The paper is well written, the results are well exposed. Unfortunately, despite of a huge number of patients, the conclusions are the confirmation of previously reports (STIM, EURO-SKI. STOP2g-TKI trials) and with no novelty.

 

My comments are:

  • Please make a statistical comparison between IMA frontline patients and 2-3G TKI frontline patients through Fisher or chi-square test in order to appreciate any difference between the two groups. In the conclusion you affirmed that first line TKI was a predictor of MRFS, so it is important to know all the differences between the 2 groups to interpret correctly the results.
  • Figures 2 and 3 are too blurry, and they are difficult to read. In particular the legend of figure 2C. Please, write only scores in the figure and write description in the figure caption.
  • Please make a statistical comparison between TFR population with or without MolRec through Fisher or chi-square test in order to appreciate any difference between the two groups. I think could be useful to identify characteristics of patients where TFR could be dangerous  
  • It is not clear if in TFR population there were death of disease in order to understand biomarker of bad prognosis after TFR. Please discuss it.
  • In the population several patients died for cardiovascular disease (CVD). Are there any correlations between CVD deaths and TKI treatment. Could these patients be rescued by TFR, instead of TKI side effects?

 

 

Reviewer 3 Report

The authors address an important area of interest for CML patients; prolonged treatment-free remission or TFR in de novo CP-CML patients who achieved a sustained DMR. They explored this subject in a relevant size cohort of almost 400 patients over 10 years of what the authors considered “real-life”. With a median follow-up of 7 years, 46% patients achieved a DMR sustained at least 24 months. Gender, BCR-ABL1 transcript type and Sokal and ELTS risk scores were significantly associated with a higher probability of sustained DMR. From those patients a fraction of them entered in a TFR program; interestingly, TKI first-line agent and TKI duration were the most significant factor of MRFS.

 

Major comments

  1. As indicated patients from clinical trials are also included. This information is lost within the numbers. Inclusion criteria’s usually select a fitter population and this kind of information is lost in this meta-analysis.

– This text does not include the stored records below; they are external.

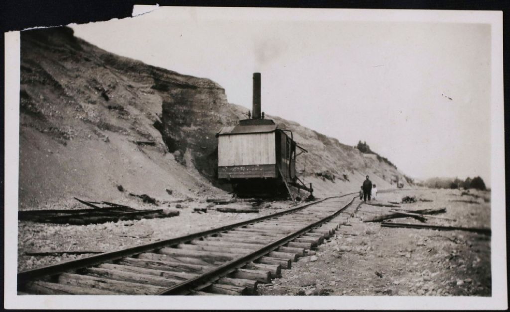 Site de la sablière, accessible par la voie férrée, 1923, Archives nationales à Saguenay, Fonds Famille Dubuc, (02C,P1,D178.3,P10), Photographe non identifié.
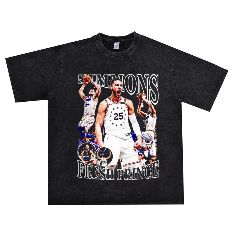 Basket Ball Star T Shirt Simmons Washed Distressed Printed Short Sleeve Cotton
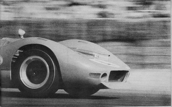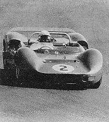 JUST ABOUT A YEAR AGO, BRUCE McLAREN ARRIVED to do battle on the North American Continent with a brand new sports/racer, designated the McLaren I. With it Bruce proceeded to take the circuit record at Mosport, just missing the record at Riverside, winning the qualification race and barely missed taking the whole show be�cause of a minor non-design-caused burst water hose. Following these very successful performances, Bruce contracted Elva Cars to produce his design in quantity, for sale to aspiring Chaparral hunters. In all there were eighteen Series McLaren I produced, with thirteen of them running in North America. Three chassis were built by McLaren's own crew; the one he raced last season (which is now used for tire testing), one car which he calls "half production" built for Dan Gurney, and now a new car for himself, the Series II, with evolutionary, rather than revolutionary changes. From all outward appearances the new Series-II McLaren looks like a completely new car. The original bodywork has been scrapped and a new body-designed by English artist Michael Turner has been fitted. Turner did not have a completely free hand to draw just what he wanted from a purely aesthetic view�point; Bruce set down a very rigid set of cross section and aerodynamic requirements, and after the final drawings were made, a model was built for wind tunnel testing. Much attention was paid to the drag and lift characteristics, with a net result of about 20-percent less drag than with the Series I. Radiator ducting studies were conducted to achieve the optimum flow characteristics. Following contemporary practices, a spoiler has been fitted to the tail of Bruce's car, but a very original bit of thinking went into its construction It is fabricated from craft quality Plexiglass, and is clear, enabling the driver to see behind him. Many spoilers hinder rearward vision. After a couple of appearances it was noted that three or four other cars switched to clear Plexiglass spoilers. At Mosport this year in the new car, McLaren led 96 of 100 laps, only be overtaken by Jim Hall's Chapparal in the closing moments. At Kent Phil Hill took over the controls, putting up the only threat to the Chapparals, finally taking the lap record at 1:20 flat, Phil led until he was forced into the pits to repair a sticking throttle. Bruce skipped Laguna Seca and made his next appearance at Riverside, where he smashed the lap record with a 1 :26,6, 1d easily won the qualifying race. In the main event, Bruce found himself in the wrong gear at the start, then in the pits to replace a flat tire, finishing a strong third, much closer, to the winner than the time consumed in his pit stop. Like the Series I, Bruce's Series II is constructed of round and square tubing with only subtle changes made for strengthening. Four main rails are used, with truss-type out�riggers above the side mounted, pontoon-like fuel tanks, adding to the rigidity. The floor pan, as well as the wheel-well sheet metal, is stressed. The firewall behind the driver is aluminum-alloy sandwiching a wood core, with a removable center door in the firewall to get at the front accessory drive units on the engine. A pair of semi-reclining alloy bucket seats are fitted. |

This set of patients is especially enriched in the TFR (75% in academic centers (line 227), it means clinical trials?), thus the title is misleading when the authors indicates “in a real-life setting”. Additional table comparing such patients should be included and also it should be indicated more clear through the text.
  2. Statistics comparing the groups in Table 1 and Table 3 should be included. In addition, this new information from Table 1 will be the base for the comments in lines 315-18. As presented is a mere speculation, we do not know if IMA patients are significantly older than 2-3G patients.
  3. The reader will appreciate if the authors could find a way to simplify the way they make reference to the groups, subgroups, sub subgroups… In some instance is difficult to quickly understand the set of patients being described. Figure 1 is very helpful but additional simplification in the text should be addressed.

 

Minor comments

  1. Line 133-141 font size is different
  2. In line 171 “figure 1” should be capitalize “Figure 1”.
  3. Figures resolution is very poor and difficult to read the text.
  4. Line 219 the dot in “Table 2.” is underlined
  5. I do not understand from where the “255” patients in line 286 are coming from
  6. In line 295 the 27% corresponds to 2-3G as first line therapy why are the ones as second line therapy did not discussed?